Archive for the ‘right’ Category

Right: Condiments in large bottles, not ridiculous sachets

Monday, July 20th, 2009

Today, my friends, I am complaining about condiments.

The condiment of Beelzebub

The condiment of Beelzebub

In America, the way in which you receive your condiments will depend a bit on the sort of restaurant you’re in. If it’s an extremely expensive restaurant, you obviously shouldn’t be asking for condiments at all. If it’s a fairly expensive restaurant, you’ll get a rather nice silver dish cointaining your condiment of choice, with a dainty spoon in it. If it’s a reasonably-priced restaurant, it’ll be the bottle the sauce came in. If it’s a really cheap place or an on-street vendor, it’ll be one of those industrial-sized vats of condiment with a shampoo-style dispenser on the top, and you’re left holding your dinner under it and squirting at it. Consider yourselves lucky, Americans.

In Britain, in a really expensive restaurant, you’ll get the nice silver dish with a spoon. Treasure this because, pretty much anywhere else, you will get a miniature individual sachet of sauce. These sachets are around 8cm long and 2cm wide, and are made of a strange metal/plastic composite originally invented for protecting components of the Hubble Space Telescope. A note on the side says “tear here”. This is sarcastic. You can tell it’s sarcastic, because there is a tiny picture of a pair of scissors. No tearing for you, bucko. The only way these things are intended to be destroyed is by an intergalactic singularity.

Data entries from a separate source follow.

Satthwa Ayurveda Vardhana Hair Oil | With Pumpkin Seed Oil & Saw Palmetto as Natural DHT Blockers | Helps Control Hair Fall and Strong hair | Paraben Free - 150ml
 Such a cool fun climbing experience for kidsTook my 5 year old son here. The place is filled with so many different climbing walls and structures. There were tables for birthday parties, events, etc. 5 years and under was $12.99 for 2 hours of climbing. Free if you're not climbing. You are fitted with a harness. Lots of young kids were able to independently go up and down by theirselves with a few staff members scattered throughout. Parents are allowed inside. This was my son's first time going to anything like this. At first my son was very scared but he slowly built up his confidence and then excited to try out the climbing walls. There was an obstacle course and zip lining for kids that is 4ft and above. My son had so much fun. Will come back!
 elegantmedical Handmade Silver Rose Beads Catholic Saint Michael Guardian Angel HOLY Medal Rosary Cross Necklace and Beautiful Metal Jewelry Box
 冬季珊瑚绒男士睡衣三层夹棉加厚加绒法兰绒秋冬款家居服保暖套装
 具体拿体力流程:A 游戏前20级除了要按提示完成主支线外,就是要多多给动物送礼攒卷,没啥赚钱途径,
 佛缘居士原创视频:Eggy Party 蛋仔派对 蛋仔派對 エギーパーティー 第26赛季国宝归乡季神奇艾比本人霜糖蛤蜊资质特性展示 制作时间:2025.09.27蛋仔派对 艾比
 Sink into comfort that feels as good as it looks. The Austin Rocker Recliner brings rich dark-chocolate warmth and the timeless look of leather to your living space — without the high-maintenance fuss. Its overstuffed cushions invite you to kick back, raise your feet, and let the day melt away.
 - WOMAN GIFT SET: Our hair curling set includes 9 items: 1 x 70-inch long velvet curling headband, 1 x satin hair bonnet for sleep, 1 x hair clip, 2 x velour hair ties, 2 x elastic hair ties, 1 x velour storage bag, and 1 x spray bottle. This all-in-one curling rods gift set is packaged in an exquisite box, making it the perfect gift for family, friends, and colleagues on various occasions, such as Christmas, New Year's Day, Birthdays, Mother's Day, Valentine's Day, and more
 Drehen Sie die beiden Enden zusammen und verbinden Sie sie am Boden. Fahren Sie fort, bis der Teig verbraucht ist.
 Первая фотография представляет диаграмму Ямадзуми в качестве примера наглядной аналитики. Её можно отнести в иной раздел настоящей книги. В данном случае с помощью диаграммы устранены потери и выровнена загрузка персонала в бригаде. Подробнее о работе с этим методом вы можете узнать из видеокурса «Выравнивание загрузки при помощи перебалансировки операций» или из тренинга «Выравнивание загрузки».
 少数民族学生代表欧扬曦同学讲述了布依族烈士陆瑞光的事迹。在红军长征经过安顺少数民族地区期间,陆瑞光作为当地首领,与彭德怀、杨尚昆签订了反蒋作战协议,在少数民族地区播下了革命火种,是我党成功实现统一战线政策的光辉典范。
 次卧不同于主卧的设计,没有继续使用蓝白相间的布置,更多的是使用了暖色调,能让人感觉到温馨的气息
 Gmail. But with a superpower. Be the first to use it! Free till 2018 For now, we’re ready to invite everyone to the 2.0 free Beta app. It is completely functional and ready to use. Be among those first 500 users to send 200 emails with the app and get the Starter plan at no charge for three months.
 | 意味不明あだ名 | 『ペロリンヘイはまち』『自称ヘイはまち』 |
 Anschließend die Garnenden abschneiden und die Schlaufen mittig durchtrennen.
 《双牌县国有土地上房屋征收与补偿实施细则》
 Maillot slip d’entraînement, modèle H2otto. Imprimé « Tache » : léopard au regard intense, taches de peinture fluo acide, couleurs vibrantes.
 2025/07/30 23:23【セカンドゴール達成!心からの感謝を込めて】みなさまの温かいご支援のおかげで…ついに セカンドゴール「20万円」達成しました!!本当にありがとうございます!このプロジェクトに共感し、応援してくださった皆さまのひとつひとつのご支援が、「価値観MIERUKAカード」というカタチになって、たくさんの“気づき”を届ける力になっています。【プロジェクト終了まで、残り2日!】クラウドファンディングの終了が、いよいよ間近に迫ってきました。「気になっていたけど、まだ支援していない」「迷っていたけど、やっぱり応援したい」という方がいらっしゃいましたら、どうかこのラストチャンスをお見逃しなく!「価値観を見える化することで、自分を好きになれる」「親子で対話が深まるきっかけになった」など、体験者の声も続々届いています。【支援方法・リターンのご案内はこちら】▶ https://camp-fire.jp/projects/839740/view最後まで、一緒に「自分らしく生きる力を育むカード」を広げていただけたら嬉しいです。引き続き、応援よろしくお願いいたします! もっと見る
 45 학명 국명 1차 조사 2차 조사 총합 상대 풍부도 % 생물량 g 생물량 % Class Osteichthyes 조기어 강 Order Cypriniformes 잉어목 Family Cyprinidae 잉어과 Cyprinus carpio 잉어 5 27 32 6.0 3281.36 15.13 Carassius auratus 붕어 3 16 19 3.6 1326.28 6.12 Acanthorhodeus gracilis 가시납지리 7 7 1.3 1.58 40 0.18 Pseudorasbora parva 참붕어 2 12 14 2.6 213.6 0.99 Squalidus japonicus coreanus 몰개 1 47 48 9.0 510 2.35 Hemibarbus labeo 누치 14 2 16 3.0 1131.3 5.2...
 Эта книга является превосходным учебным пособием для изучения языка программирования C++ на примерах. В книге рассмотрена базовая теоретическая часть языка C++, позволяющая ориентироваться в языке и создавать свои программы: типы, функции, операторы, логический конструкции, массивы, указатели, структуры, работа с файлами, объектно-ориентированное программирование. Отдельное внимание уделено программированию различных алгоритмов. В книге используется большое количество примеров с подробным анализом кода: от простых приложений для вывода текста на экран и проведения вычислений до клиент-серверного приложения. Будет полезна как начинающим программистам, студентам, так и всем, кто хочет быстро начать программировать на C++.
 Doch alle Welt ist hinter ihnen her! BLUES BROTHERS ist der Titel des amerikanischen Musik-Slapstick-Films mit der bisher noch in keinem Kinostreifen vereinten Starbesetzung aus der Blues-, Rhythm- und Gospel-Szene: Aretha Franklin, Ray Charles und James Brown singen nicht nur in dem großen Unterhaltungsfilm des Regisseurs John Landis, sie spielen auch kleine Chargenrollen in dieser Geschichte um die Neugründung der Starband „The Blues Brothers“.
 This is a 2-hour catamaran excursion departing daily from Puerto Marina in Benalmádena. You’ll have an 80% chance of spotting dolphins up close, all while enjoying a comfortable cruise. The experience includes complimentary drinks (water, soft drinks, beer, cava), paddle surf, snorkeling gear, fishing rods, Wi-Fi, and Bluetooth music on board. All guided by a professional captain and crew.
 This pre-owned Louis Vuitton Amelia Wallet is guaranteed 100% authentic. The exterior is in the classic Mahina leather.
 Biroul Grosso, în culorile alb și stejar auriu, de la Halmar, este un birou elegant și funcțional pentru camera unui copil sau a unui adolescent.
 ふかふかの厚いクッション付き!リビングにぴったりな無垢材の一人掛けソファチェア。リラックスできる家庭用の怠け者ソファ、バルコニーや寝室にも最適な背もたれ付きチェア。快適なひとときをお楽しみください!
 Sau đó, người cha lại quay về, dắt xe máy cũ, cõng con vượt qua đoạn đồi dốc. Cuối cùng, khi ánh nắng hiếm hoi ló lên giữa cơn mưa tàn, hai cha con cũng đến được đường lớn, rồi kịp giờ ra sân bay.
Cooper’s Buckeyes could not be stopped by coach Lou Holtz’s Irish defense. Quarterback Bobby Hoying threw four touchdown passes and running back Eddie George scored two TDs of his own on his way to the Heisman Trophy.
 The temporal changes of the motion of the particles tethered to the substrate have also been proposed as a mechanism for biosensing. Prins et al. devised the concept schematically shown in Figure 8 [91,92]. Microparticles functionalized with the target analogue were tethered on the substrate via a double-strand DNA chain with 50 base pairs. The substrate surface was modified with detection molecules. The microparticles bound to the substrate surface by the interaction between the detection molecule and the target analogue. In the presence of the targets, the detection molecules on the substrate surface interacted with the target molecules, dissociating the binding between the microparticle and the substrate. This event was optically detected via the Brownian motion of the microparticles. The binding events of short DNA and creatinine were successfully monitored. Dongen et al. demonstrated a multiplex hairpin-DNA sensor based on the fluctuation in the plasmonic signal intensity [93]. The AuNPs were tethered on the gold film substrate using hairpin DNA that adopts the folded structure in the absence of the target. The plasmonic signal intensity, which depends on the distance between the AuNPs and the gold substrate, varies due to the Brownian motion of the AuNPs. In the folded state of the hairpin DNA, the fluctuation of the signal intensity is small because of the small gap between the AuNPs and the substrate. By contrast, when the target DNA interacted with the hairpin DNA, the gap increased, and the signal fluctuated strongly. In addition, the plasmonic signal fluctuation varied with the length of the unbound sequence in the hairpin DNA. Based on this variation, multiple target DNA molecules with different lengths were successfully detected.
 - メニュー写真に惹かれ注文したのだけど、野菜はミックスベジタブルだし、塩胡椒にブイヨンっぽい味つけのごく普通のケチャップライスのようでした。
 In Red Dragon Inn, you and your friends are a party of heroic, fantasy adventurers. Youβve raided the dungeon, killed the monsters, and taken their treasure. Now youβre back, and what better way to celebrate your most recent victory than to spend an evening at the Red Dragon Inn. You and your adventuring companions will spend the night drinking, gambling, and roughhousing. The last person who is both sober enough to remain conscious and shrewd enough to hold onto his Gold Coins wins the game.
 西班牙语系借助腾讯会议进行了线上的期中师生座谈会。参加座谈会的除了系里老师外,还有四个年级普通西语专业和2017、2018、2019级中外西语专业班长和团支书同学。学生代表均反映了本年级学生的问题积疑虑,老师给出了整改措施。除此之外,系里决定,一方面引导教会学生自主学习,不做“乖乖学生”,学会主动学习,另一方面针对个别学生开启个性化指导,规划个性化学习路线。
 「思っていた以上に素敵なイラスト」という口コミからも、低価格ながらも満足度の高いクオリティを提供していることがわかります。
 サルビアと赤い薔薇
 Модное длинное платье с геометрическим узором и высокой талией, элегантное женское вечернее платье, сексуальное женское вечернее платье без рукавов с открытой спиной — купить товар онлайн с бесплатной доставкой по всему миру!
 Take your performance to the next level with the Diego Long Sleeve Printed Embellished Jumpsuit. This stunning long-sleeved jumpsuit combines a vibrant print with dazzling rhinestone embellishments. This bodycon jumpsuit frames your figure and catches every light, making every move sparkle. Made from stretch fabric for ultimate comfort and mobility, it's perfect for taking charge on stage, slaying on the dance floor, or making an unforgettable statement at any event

To open the sachet, you must grip the corner next to the “tear here” nick as tightly as you can between your front two teeth, and then pull the packet away from your mouth. The packet is covered in your sweat, from the period a few moments earlier when you really thought you were going to tear it with your hands. It is more than a little slippery. You’re going to have to hold it pretty tight. Those space telescope scientists may not know how to make a mirror, but this sucker was designed to withstand re-entry. Get ready for a rough ride.

At this point, your dinner companions may start to pull away from the table or run to the loo. This is normal.

Those telescope scientists no doubt have friends in the rocket business. They all hang around together, joking about how rocket science isn’t all that hard anyway and making puns about quarks. Anyway, their rocket friends will tell you that any container, when squeezed as hard as possible and then split, will propel its contents vigorously in the direction of the breach. These sachets should come with some sort of written warning, and perhaps a set of protective eyewear. At the very least, they should say “not for use in densely populated areas” in clear lettering on the side.

And why do the Brits insist on serving condiments like this? I can only assume it’s because there is empirical evidence that one in five males has, at some time, stirred a pub tomato ketchup container with his John Thomas. Or perhaps some people have a penchant for opening the shared mustard, sneezing in it, then replacing the cap. It’s just the way they roll. Are we honestly that untrusting a society that we fear constantly that other pub-goers have been putting ricin in the tartare sauce? Are we really that germophobe that we can’t stand to eat something that’s been touched by another human being?

And, well, I hate to jump on the popular bandwagon, but isn’t this rotten for the environment? Whenever you ask for ketchup in the UK, you can be sure that they’re not going to give you only one space sachet. They’re going to give you six. And you just try giving back the ones you didn’t use. They’ll eye you with a suspicious look. They certainly won’t touch them. Who knows what you’ll have done with them. Heavens, they’ve probably been up your arse twice.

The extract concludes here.